Itulah yang menurut pandangan simpel saya, kerap menimbulkan persoalan dalam keluarga saat bicara pengasuhan anak. Ketidakpahaman kita tentang hadhanah, pengasuhan anak. Karena itu ada tekad meski dengan keterbatasan ilmu, untuk menuliskan tema ini agar dapat dipahami sesama muslim.
Di dalam buku ini bukan saja saya tuliskan pendapat para ulama seputar hadhanah, tapi juga pembahasan tentang hukum penyusuan dan kehamilan. Terakhir, saya tuliskan bagaimana peran dan tanggung jawab negara dalam menjaga dan memelihara anak. Bagaimanapun juga, keluarga saja takkan sanggup memelihara anak tanpa peran dan tanggung jawab negara. Negara berperan dalam membantu keluarga, menolong keluarga yang tak mampu, dan menciptakan lingkungan yang positif bagi perkembangan anak.

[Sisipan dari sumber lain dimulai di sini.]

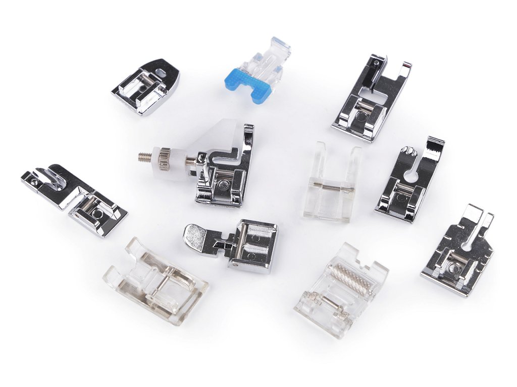 Sada kovových a plastových patek k domácímu šicímu stroji
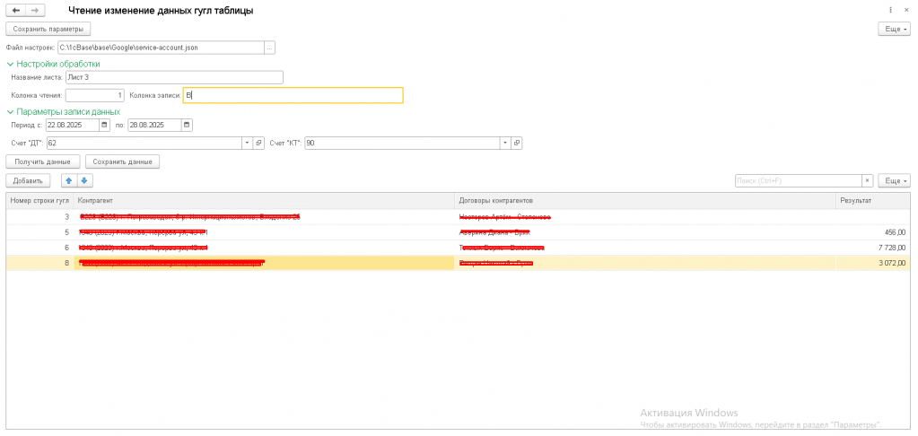 Обработка загрузит контрагентов и договора из гугл таблицы по указанной колонке в 1С таблицу и рассчитает сумму по выбранным счетам за выбранный период. Рассчитанные данные можно загрузить в гугл таблицу в указанную колонку. Обработку возможно использовать как шаблон для своих разработок.
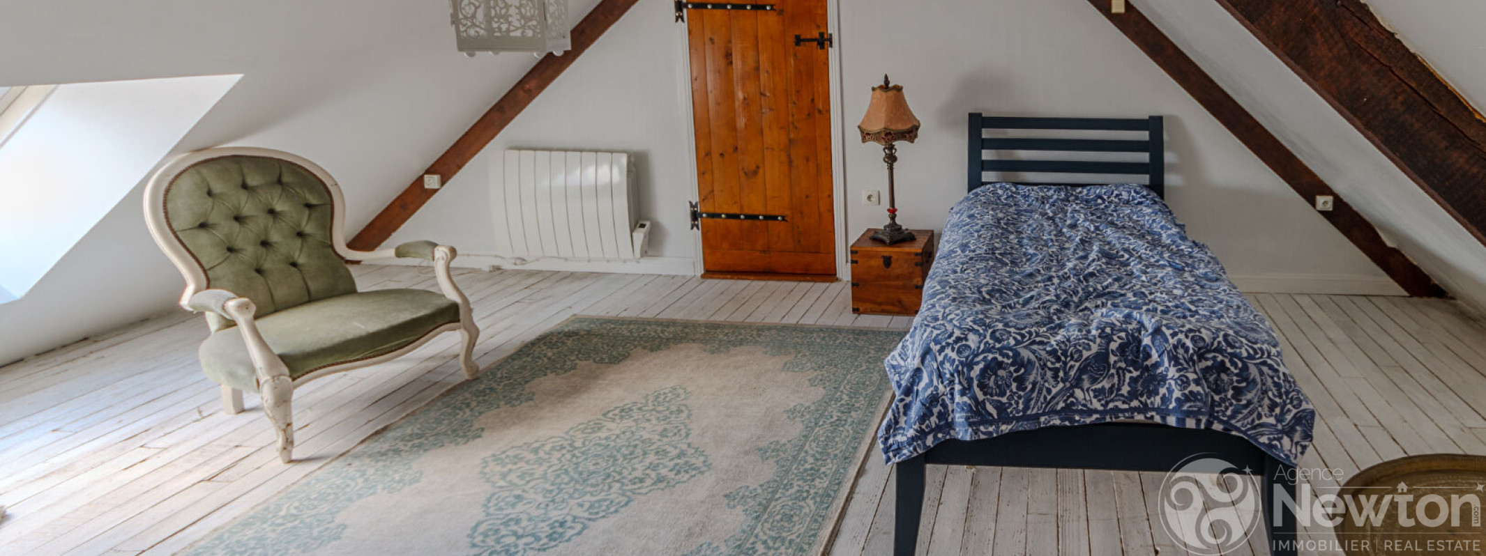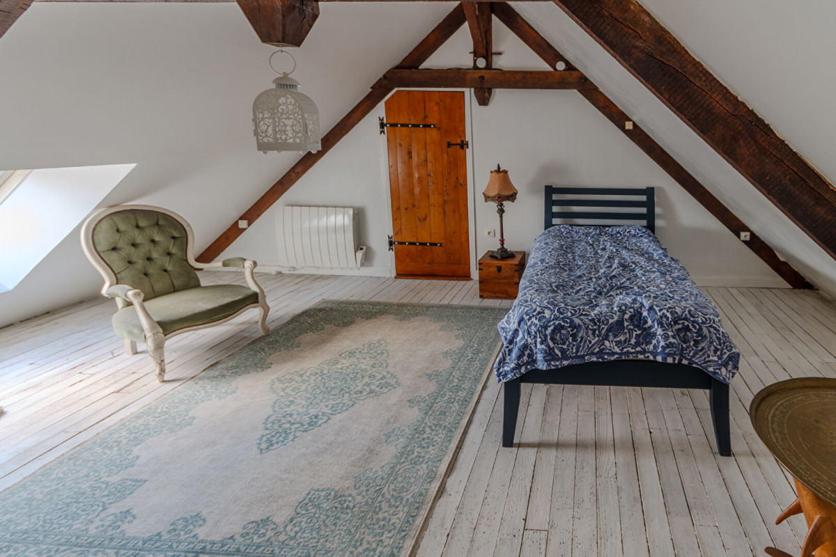 Depuis le palier, un autre escalier mène au deuxième étage où se trouve une grande chambre avec salle d'eau privative.
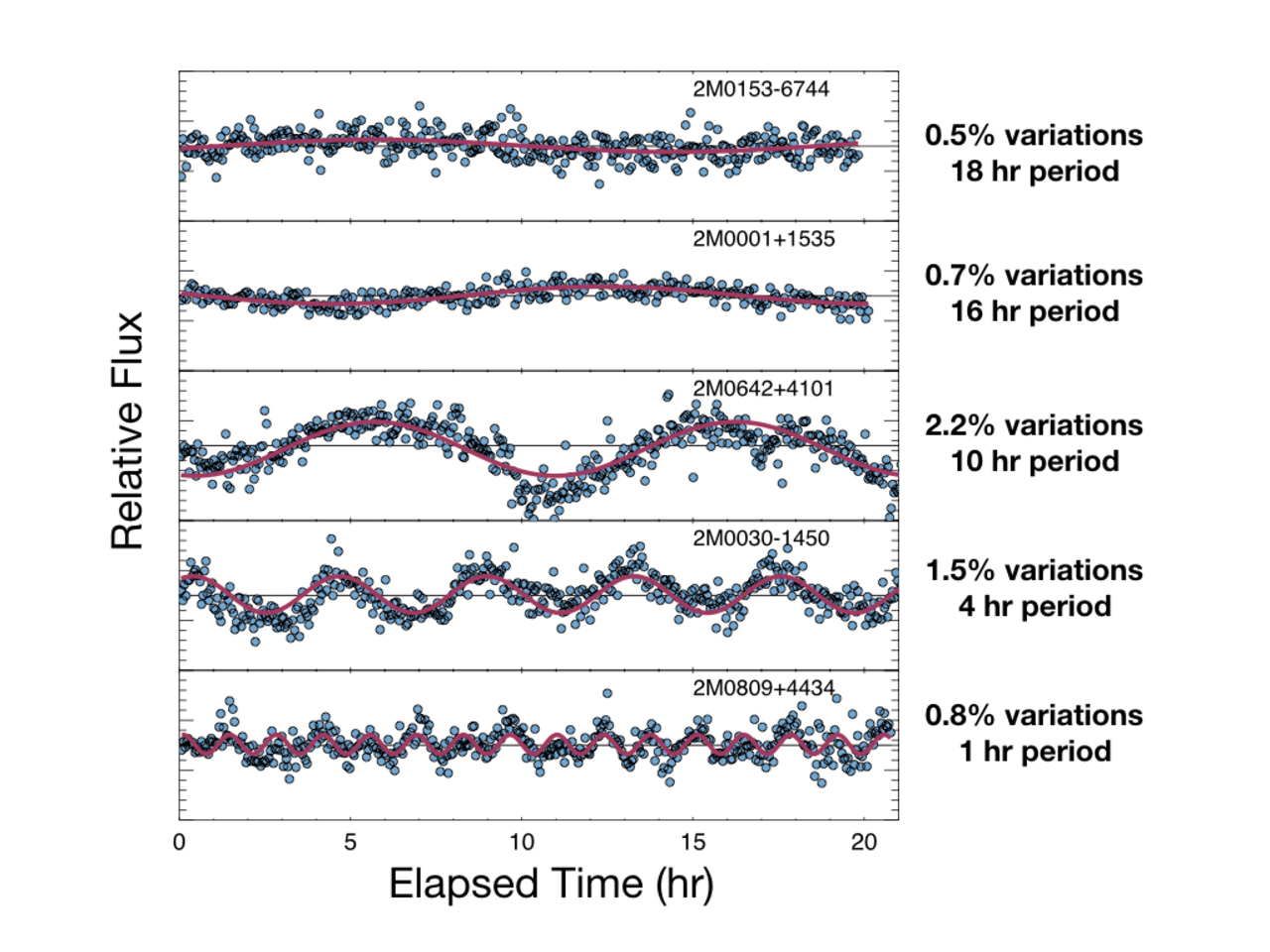These graphs show how the light from brown dwarfs are seen to vary over time. The infrared brightnesses were measured by NASA’s Spitzer Space Telescope and demonstrate a wide range of variability in a large number of young brown dwarfs, indicative of their rotation and weather patterns.

Jadi, buku ini bukan buku ‘how to’ yang mengajarkan pemeliharaan anak, sebagaimana dua buku parenting saya sebelumnya; DNA Generasi Pejuang & Alhamdulillah Menjadi Ayah. Tapi buku ini lebih berisi kajian fikih singkat tentang bahasan kehamilan, hadhanah/pengasuhan anak, serta penyusuan.
Mudah-mudahan buku yang saya tulis dengan penuh keterbatasan ini bisa memberikan manfaat bagi panduan pengasuhan anak, dan menjadi amal jariyah yang mengalirkan kebaikan bagi saya hingga ke alam barzakh kelak.